Dor Crônica: Casos Comuns de Tratamento com um Especialista em Dor Crônica
Publicado por Agenda.App.BR (ClínicaWork Serviços Digitais Ltda.) · Publicado em 8 de dezembro de 2025
Casos Comuns de Tratamento com um Especialista em Dor Crônica
O encaminhamento para um especialista em dor crônica, muitas vezes um médico algologista, é indicado quando a condição dolorosa persiste além do tempo esperado de cura ou quando sua causa é complexa e multifatorial. Este profissional atua no manejo de condições que não respondem adequadamente às terapias convencionais iniciais.

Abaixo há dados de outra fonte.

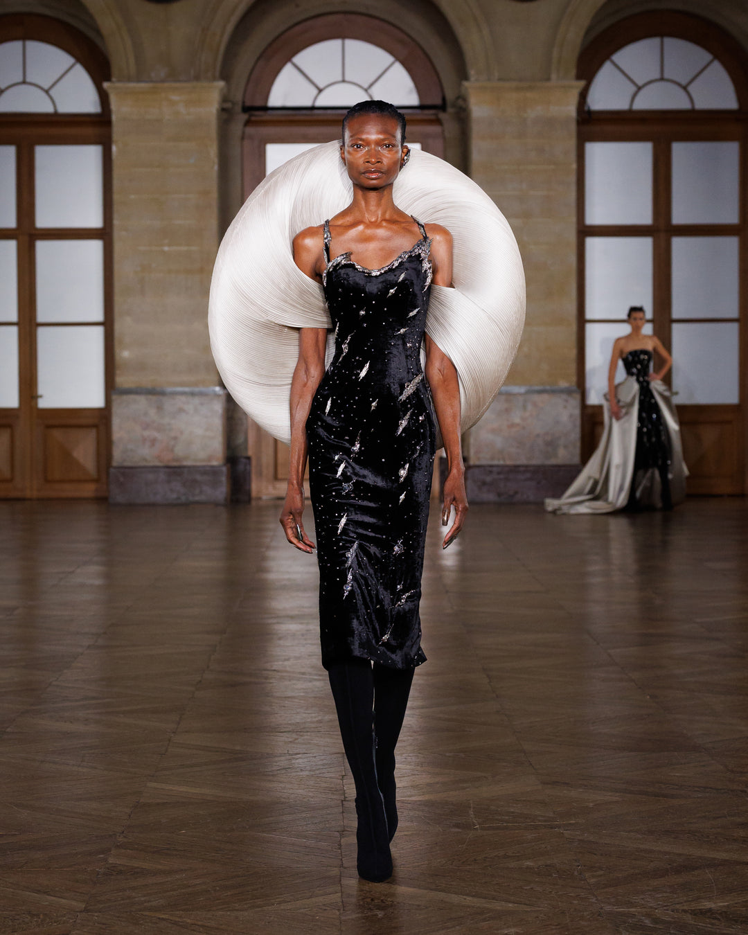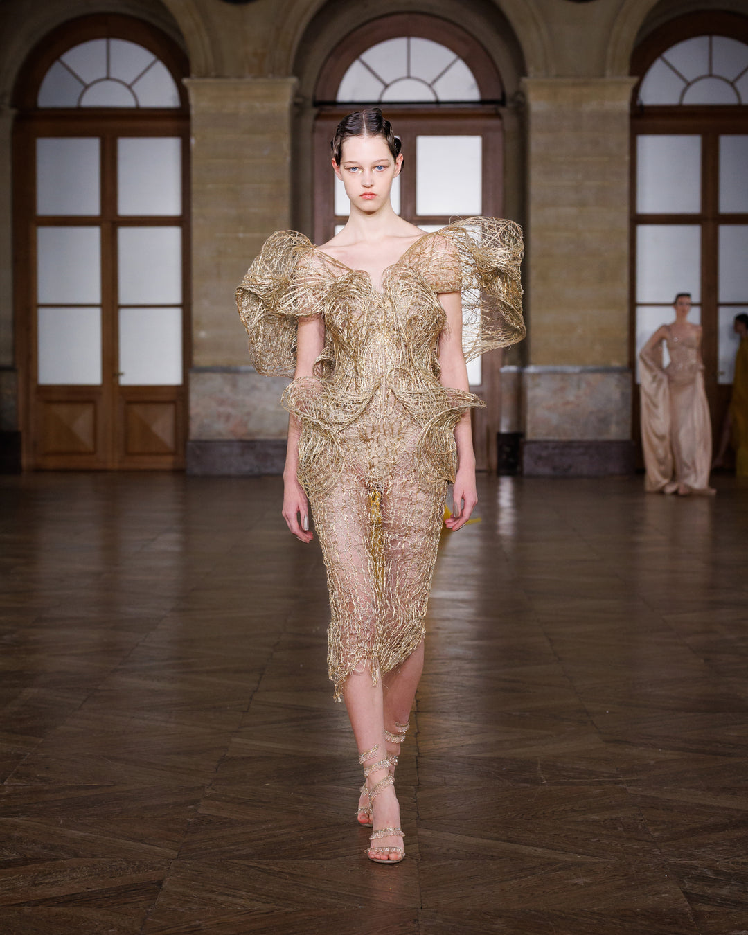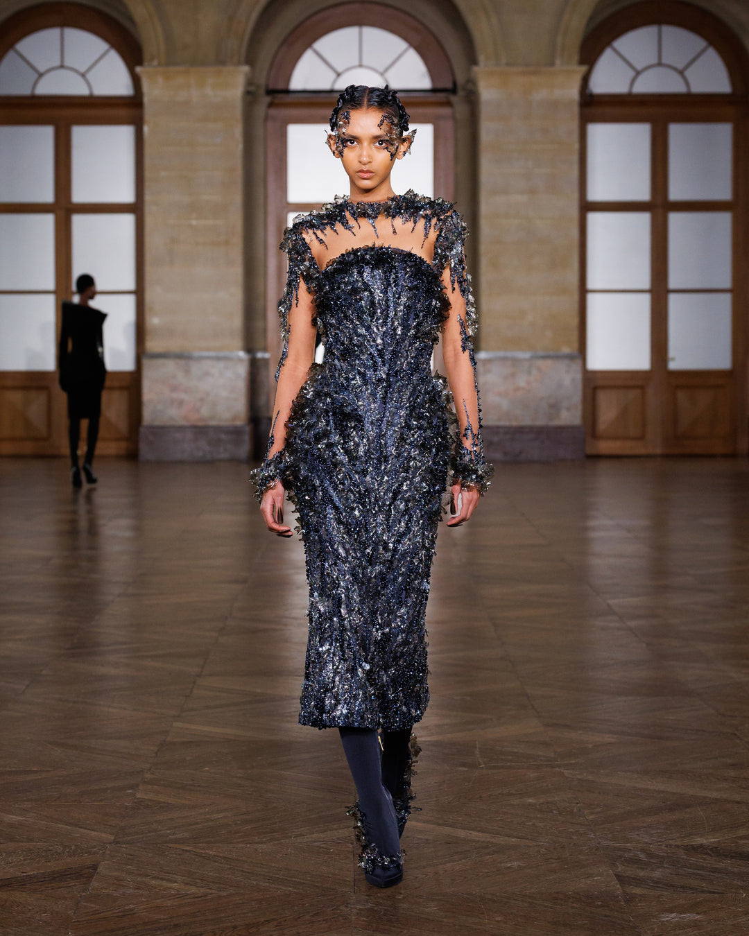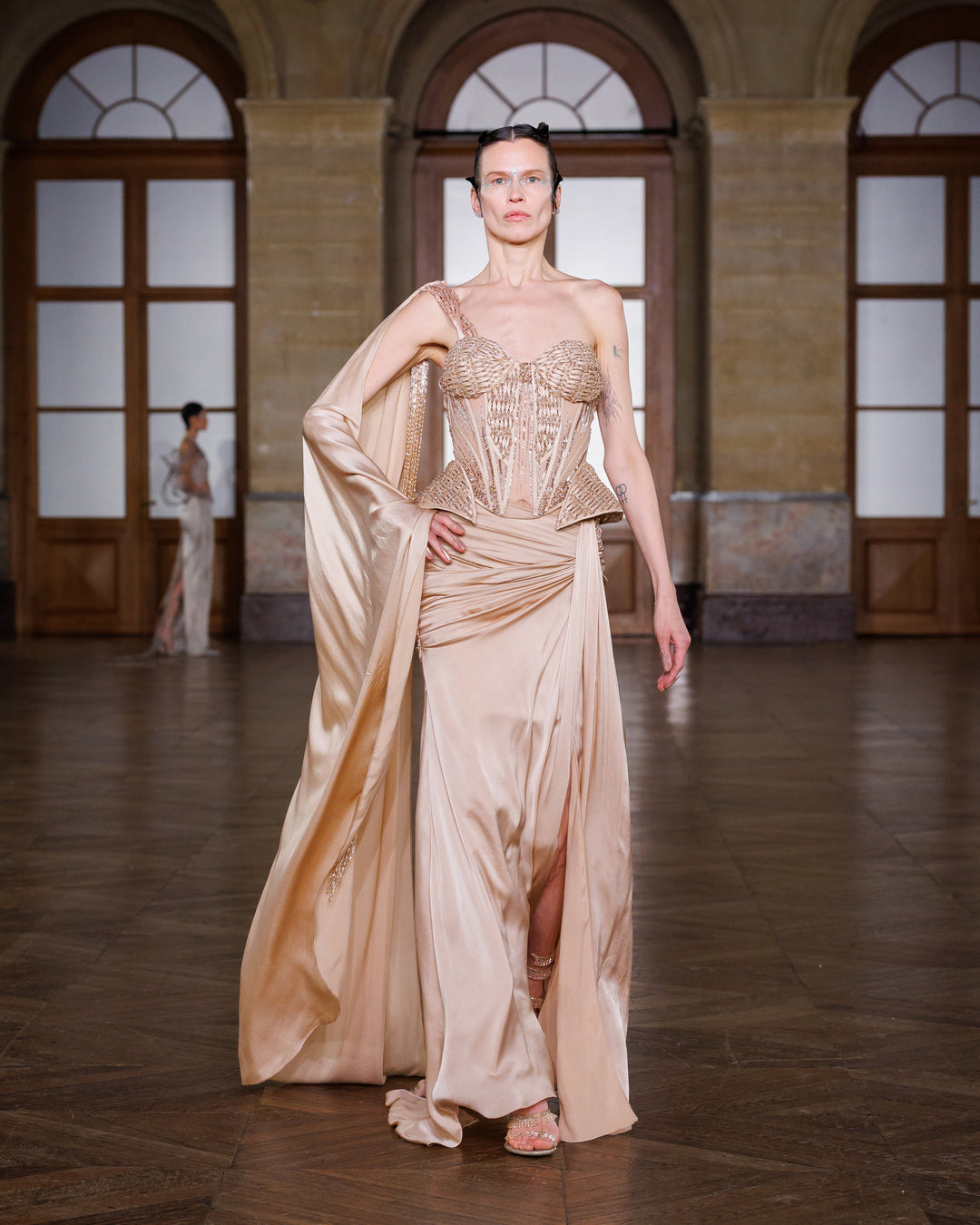“Every silhouette in this collection is built as a living structure. We are not decorating the body, we are mapping consciousness, memory, and movement onto it through craft, architecture, and time. These garments are meant to feel alive, as if they are still in the process of becoming, carrying within them the tension between what is seen and what is felt.”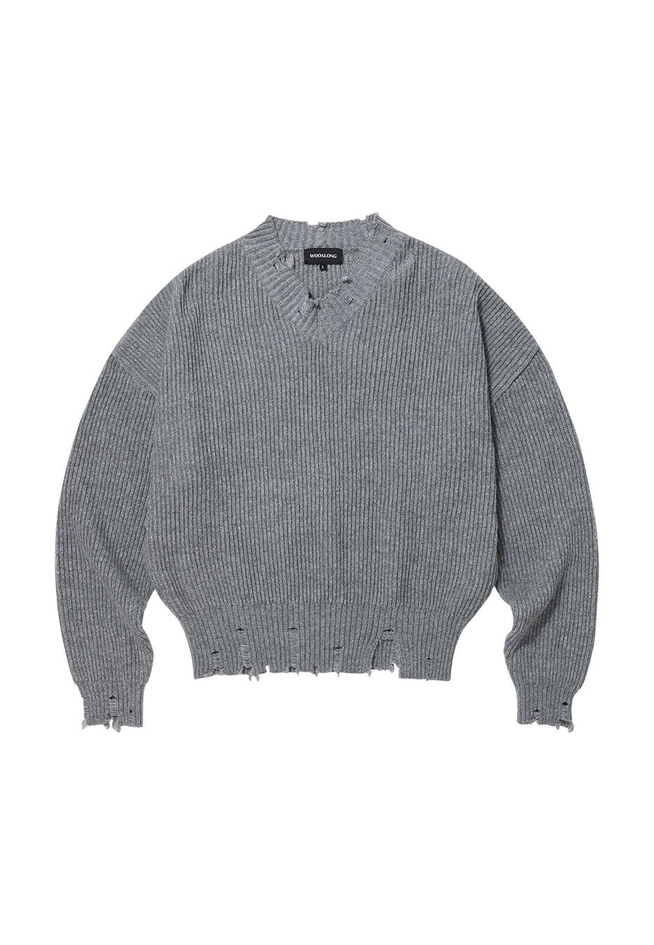 ゆったりとしたシルエット、Vネックですっきりとした首回りと、リブのダメージ加工のバランスを取ったアイテム

Condições Musculoesqueléticas Complexas
Entre os casos mais frequentes estão as dores lombares crônicas inespecíficas, as síndromes dolorosas regionais complexas (como a Distrofia Simpático-Reflexa) e as fibromialgias. Artrites degenerativas severas, como osteoartrite de joelho e quadril, que causam limitação funcional significativa, também são motivos comuns de consulta.
Síndromes Neuropáticas de Difícil Controle
Pacientes com neuralgia do trigêmeo, neuropatia diabética dolorosa, dor pós-herpética (herpes zoster) e dores fantasma pós-amputação frequentemente necessitam da abordagem multimodal oferecida por este especialista. A dor neuropática central, por exemplo após um AVC, é outro quadro desafiador que demanda sua intervenção.
Dores Pós-Cirúrgicas Persistentes
A dor crônica pós-cirúrgica é uma indicação relevante. Isso inclui síndromes como dor após cirurgias de hérnia inguinal, mastectomias ou procedimentos torácicos, onde a sensação dolorosa persiste além de três meses do ato operatório, sem outra causa identificável.
Cefaleias e Dores Orofaciais Rebeldes
Quando cefaleias primárias como a enxaqueca crônica ou a cefaleia em salvas não respondem ao tratamento padrão, o especialista em dor pode oferecer um plano terapêutico ampliado. Dores na face e na ATM (Articulação Temporomandibular) de origem complexa também são de sua alçada.
Oncologia e Cuidados Paliativos
O manejo da dor oncológica e da dor em doenças progressivas não-oncológicas é um pilar fundamental. O especialista atua no controle sintomático robusto, utilizando escalas analgésicas e técnicas intervencionistas para melhorar a qualidade de vida do paciente.
O papel do médico especialista em dor é integrar diferentes modalidades – farmacológicas, intervencionistas, psicológicas e de reabilitação – para criar um plano de tratamento personalizado. Sua atuação é crucial em casos onde a dor se tornou uma doença por si só, exigindo uma abordagem dedicada e especializada para restaurar a funcionalidade e o bem-estar.